Pitfalls in the Bayesian GP-LVM GPyTorch implementation? #1879

joacorapela · 2022-01-07T21:06:14Z

joacorapela
Jan 7, 2022

I is useful that Titsias and Lawrence, 2010 derived analytically the optimal variational distribution on inducing points, which allowed them to remove this distribution from the lower bound. That is, in Titsias and Lawrence, 2010, the variational distribution on the inducing points is not estimated. However, in the current GPyTroch Bayesian GPLVM implementation, it is estimated.

Also, from the introduction of the GPyTroch Bayesian GPLVM notebook it seems that the GPyTorch implementation uses diagonal matrices with equal values along the diagonal as the covariance matrix for the variational distribution for the latents (i.e., $q(X) = \prod_{n=1}^{N}\mathcal{N}(\mathbf{x}{n}; \mu{n}, s_{n}\mathbb{I}_{Q})$). However, in Titsias and Lawrence, 2010, these diagonal matrices are not constrained to have equal values along the diagonal.

To test the relevance of the points above, I wrote a new implementation of Bayesian GPLVM based on GPyTorch, borrowing code from GPflow and GPy: repository, Google Colab. I posted a few derivations documenting the GPflow implementation here. I used the psi statistics from the GPy implementation. From GPyTorch I used the RBF kernel as well as the parameters constraints.

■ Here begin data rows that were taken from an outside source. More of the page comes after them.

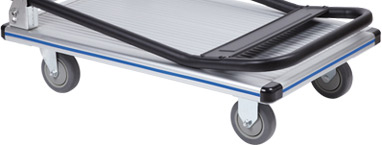 Bonne capacité de charge et de manoeuvrabilité dans des zones limitées. Les roulettes centrales peuvent être remplacées par des roulettes montées. Capacité de charge maximale = charge totale/2.
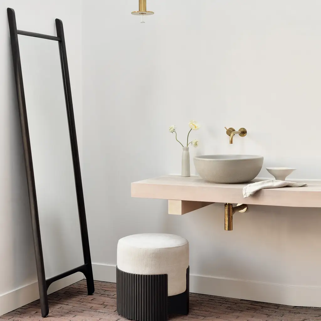 The PI collection honors nature’s design by keeping the strength, curves and lines, as nature intended. Interesting shapes are discovered in this sleek and stylish, polished imperfect finish. Each PI floor mirror is finished by hand to ensure that the individual character of the wood is respected. Designed by Alain van Havre. Features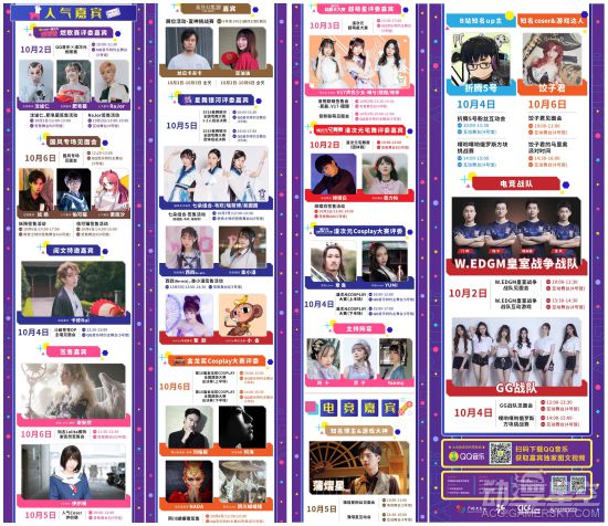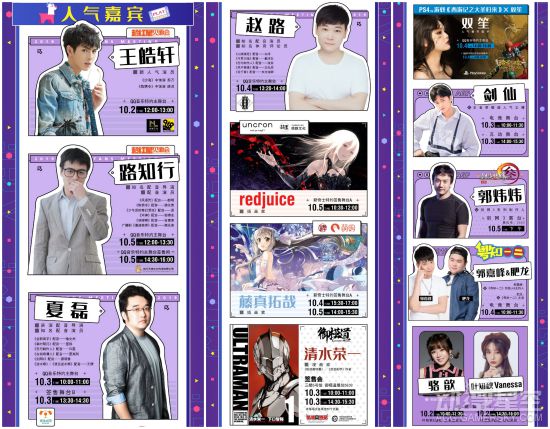 与人气歌手沈谧仁、RaJor、肥皂菌共赏QQ音乐燃歌赛,与人气歌手妖扬、佑可猫、萧雨汐接受国风音乐的熏陶,人气歌手卡修Rui也将出席展会现场。知名Lolita模特谢安然、人气女神Coser伊织萌近距离美颜暴击!国风女子组合七朵组合韦欢、吴圆圆、喻筱博与人气舞见西四(Re-m!x)、楽小漫、AcFun特邀嘉宾紫颜出席“星舞银河”宅舞大赛,V17声优少女醋醋、曦兮、筱筝出席漫次元超萌星大赛,人气舞见绯缨白、菇力帕出席漫次元宅舞赛!丝瓜卡夫卡、豆油油将作为FF14特邀嘉宾出席,与粉丝冲向第一世界!Cosplay大赛评委刘柏辰、阿海、NADA、阴川蝴蝶猪、章鱼、YUMI将出席!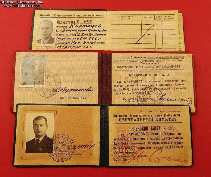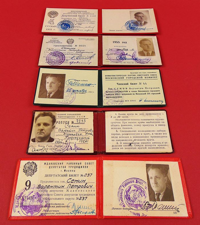 Group of 5 IDs of a High-Ranking Party Official in Moscow, 1953-63. Includes pass to special healthcare facility for top party officials. EXC condition.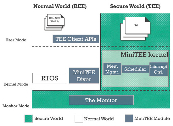 Figure 4 illustrates the overall architecture. At the core lies the two basic software components—MiniTEE-driver and MiniTEE. MiniTEE-driver, placed within a Normal World RTOS, provides an interface for real-time tasks to leverage MiniTEE. The main components of MiniTEE are the Monitor and MiniTEE kernel. The Monitor is responsible for the switching between the Secure World and the Normal World, including saving and restoring the context of the corresponding world, passing control-related command and data. The MiniTEE kernel is responsible for providing the fundamental core services, such as TEE task management, memory management and interrupt handling.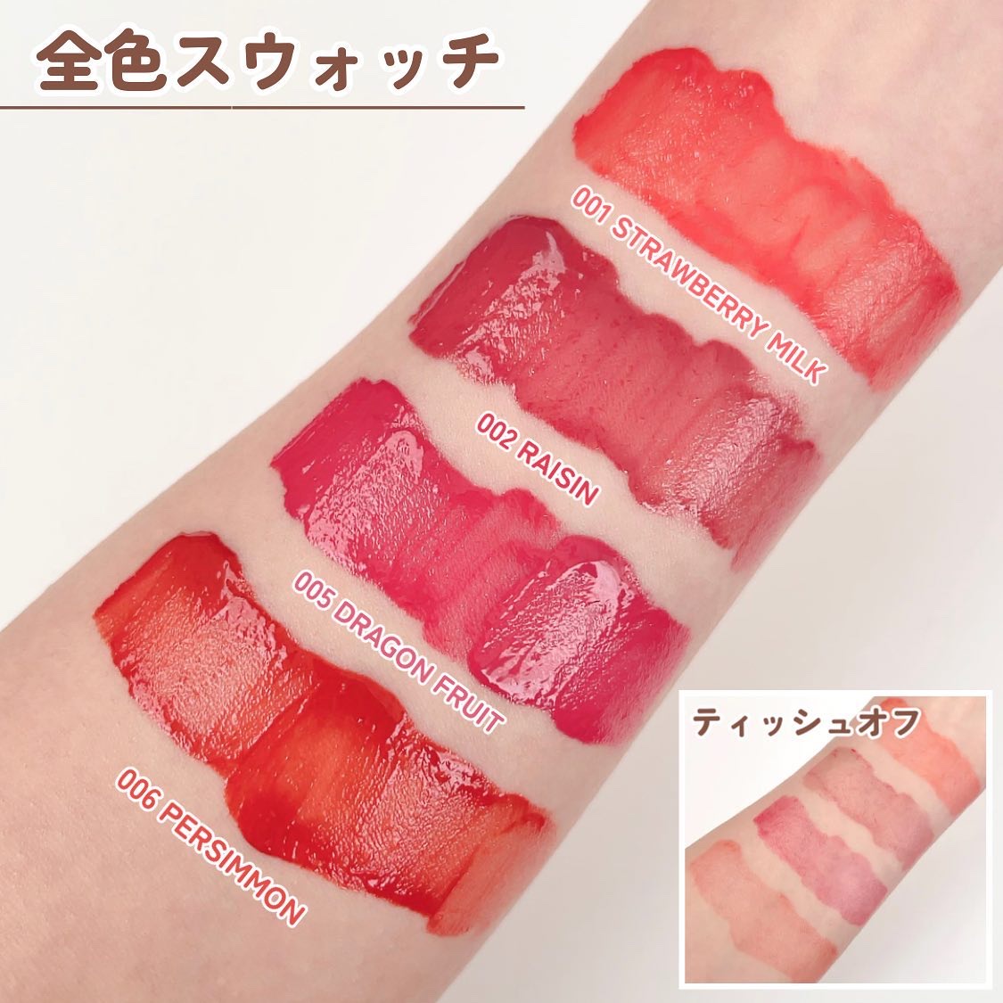 - <002 レーズン> 水、ダイマージリノール酸ダイマージリノレイルビス(ベヘニル/イソステアリル/フィトステリル)、グリセリン、BG、リンゴ酸ジイソステアリル、水添ポリシクロペンタジエン、トリ(カプリル酸/カプリン酸)グリセリル、水添ポリイソブテン、トリイソステアリン酸ポリグリセリル-2、イソドデカン、ジグリセリン、(アクリル酸ヒドロキシエチル/アクリロイルジメチルタウリンNa)コポリマー、ステアレス-21、1,2-ヘキサンジオール、イソステアリン酸ソルビタン、ヒドロキシアセトフェノン、トリ脂肪酸(C10-18)グリセリル、スクワラン、(アジピン酸/カプリン酸/カプリル酸/ヘプタン酸)ペンタエリスリチル、メントキシプロパンジオール、クエン酸、酢酸トコフェロール、ポリソルベート60、テトラ(ジ-t-ブチルヒドロキシヒドロケイヒ酸)ペンタエリスリチル、水酸化Al、トリエトキシカプリリルシラン [+/-] 酸化チタン、酸化鉄、赤202、赤227、黄4、黄5、青2 <005 ドラゴン フルーツ> 水、ダイマージリノール酸ダイマージリノレイルビス(ベヘニル/イソステアリル/フィトステリル)、グリセリン、BG、リンゴ酸ジイソステアリル、水添ポリシクロペンタジエン、トリ(カプリル酸/カプリン酸)グリセリル、水添ポリイソブテン、トリイソステアリン酸ポリグリセリル-2、イソドデカン、ジグリセリン、(アクリル酸ヒドロキシエチル/アクリロイルジメチルタウリンNa)コポリマー、ステアレス-21、1,2-ヘキサンジオール、イソステアリン酸ソルビタン、ヒドロキシアセトフェノン、トリ脂肪酸(C10-18)グリセリル、スクワラン、(アジピン酸/カプリン酸/カプリル酸/ヘプタン酸)ペンタエリスリチル、メントキシプロパンジオール、クエン酸、酢酸トコフェロール、ポリソルベート60、テトラ(ジ-t-ブチルヒドロキシヒドロケイヒ酸)ペンタエリスリチル、水酸化Al、トリエトキシカプリリルシラン [+/-] 酸化チタン、酸化鉄、赤202、赤227、黄4、黄5、青3 <007 ウォルナット> 水、ダイマージリノール酸ダイマージリノレイルビス(ベヘニル/イソステアリル/フィトステリル)、グリセリン、BG、リンゴ酸ジイソステアリル、水添ポリシクロペンタジエン、トリ(カプリル酸/カプリン酸)グリセリル、水添ポリイソブテン、トリイソステアリン酸ポリグリセリル-2、イソドデカン、ジグリセリン、(アクリル酸ヒドロキシエチル/アクリロイルジメチルタウリンNa)コポリマー、ステアレス-21、1,2-ヘキサンジオール、イソステアリン酸ソルビタン、ヒドロキシアセトフェノン、トリ脂肪酸(C10-18)グリセリル、スクワラン、(アジピン酸/カプリン酸/カプリル酸/ヘプタン酸)ペンタエリスリチル、メントキシプロパンジオール、クエン酸、酢酸トコフェロール、ポリソルベート60、テトラ(ジ-t-ブチルヒドロキシヒドロケイヒ酸)ペンタエリスリチル、水酸化Al、トリエトキシカプリリルシラン [+/-] 酸化チタン、酸化鉄、赤202、赤227、黄4、黄5、青1 <009 ルバーブ> 水、ダイマージリノール酸ダイマージリノレイルビス(ベヘニル/イソステアリル/フィトステリル)、グリセリン、BG、リンゴ酸ジイソステアリル、水添ポリシクロペンタジエン、トリ(カプリル酸/カプリン酸)グリセリル、水添ポリイソブテン、トリイソステアリン酸ポリグリセリル-2、イソドデカン、ジグリセリン、(アクリル酸ヒドロキシエチル/アクリロイルジメチルタウリンNa)コポリマー、ステアレス-21、1,2-ヘキサンジオール、イソステアリン酸ソルビタン、ヒドロキシアセトフェノン、トリ脂肪酸(C10-18)グリセリル、スクワラン、メントキシプロパンジオール、クエン酸、(アジピン酸/カプリン酸/カプリル酸/ヘプタン酸)ペンタエリスリチル、酢酸トコフェロール、ポリソルベート60、テトラ(ジ-t-ブチルヒドロキシヒドロケイヒ酸)ペンタエリスリチル、トリエトキシカプリリルシラン [+/-] 酸化チタン、酸化鉄、赤202、赤227、黄4、黄5、青1 <001 ストロベリーミルク> 水、ダイマージリノール酸ダイマージリノレイルビス(ベヘニル/イソステアリル/フィトステリル)、グリセリン、BG、リンゴ酸ジイソステアリル、水添ポリシクロペンタジエン、トリ(カプリル酸/カプリン酸)グリセリル、水添ポリイソブテン、トリイソステアリン酸ポリグリセリル-2、イソドデカン、ジグリセリン、(アクリル酸ヒドロキシエチル/アクリロイルジメチルタウリンNa)コポリマー、ステアレス-21、1,2-ヘキサンジオール、イソステアリン酸ソルビタン、ヒドロキシアセトフェノン、トリ脂肪酸(C10-18)グリセリル、スクワラン、(アジピン酸/カプリン酸/カプリル酸/ヘプタン酸)ペンタエリスリチル、メントキシプロパンジオール、クエン酸、酢酸トコフェロール、ポリソルベート60、テトラ(ジ-t-ブチルヒドロキシヒドロケイヒ酸)ペンタエリスリチル、水酸化Al、トリエトキシカプリリルシラン [+/-] 酸化チタン、酸化鉄、赤202、赤227、黄4、黄5、青1 <004 ダーク チェリー> 水、ダイマージリノール酸ダイマージリノレイルビス(ベヘニル/イソステアリル/フィ

The previous points seem to make a difference in the quality of the model estimates. I estimated a model with the same data and initial parameters used to generate Figure 1 in Titsias and Lawrence, 2010, and it seems that latents and lengthscales estimated by my implementation are closer to those estimated by Titsias and Lawrence 2010 than the estimates from the GPyTorch implementation. Compare the two-dimensional latent subspace estimated by my implementation here with that of the current GPyTorch implementation here.

The ELBO achieved with my implementation is in the order of 9000, but that in the GPyTorch implementation is on the order of -5. I don't understand the reason for this large difference. After estimating the parameters of the GPyTorch GPLVM model, following this notebook, I calculated the lower bound over the whole dataset using:

output = model(sample)
lower_bound = -mll(output, Y.T).sum()
print("Lower bound={:f}".format(lower_bound))

and obtained:

Lower bound=-5.561378

It seem that my new implementation of Bayesian GP-LVM performs better than the current GPyTorch one. However, to be certain about this, a more thorough comparison is needed. If building a better implementation of Bayesian GP-LVM in GPyTorch is something of interest to the community, I could try to do it. I would appreciate feedback.

Joaquin

vr308 · 2022-01-09T18:36:03Z

vr308
Jan 9, 2022

Hi Joaquin,

Thanks for the message above. So, with these models there are several subtle variations possible, I will try and list them below. The classes have been written to support several of these variations without needing to modify any of the base code. But I will also clarify some other things below.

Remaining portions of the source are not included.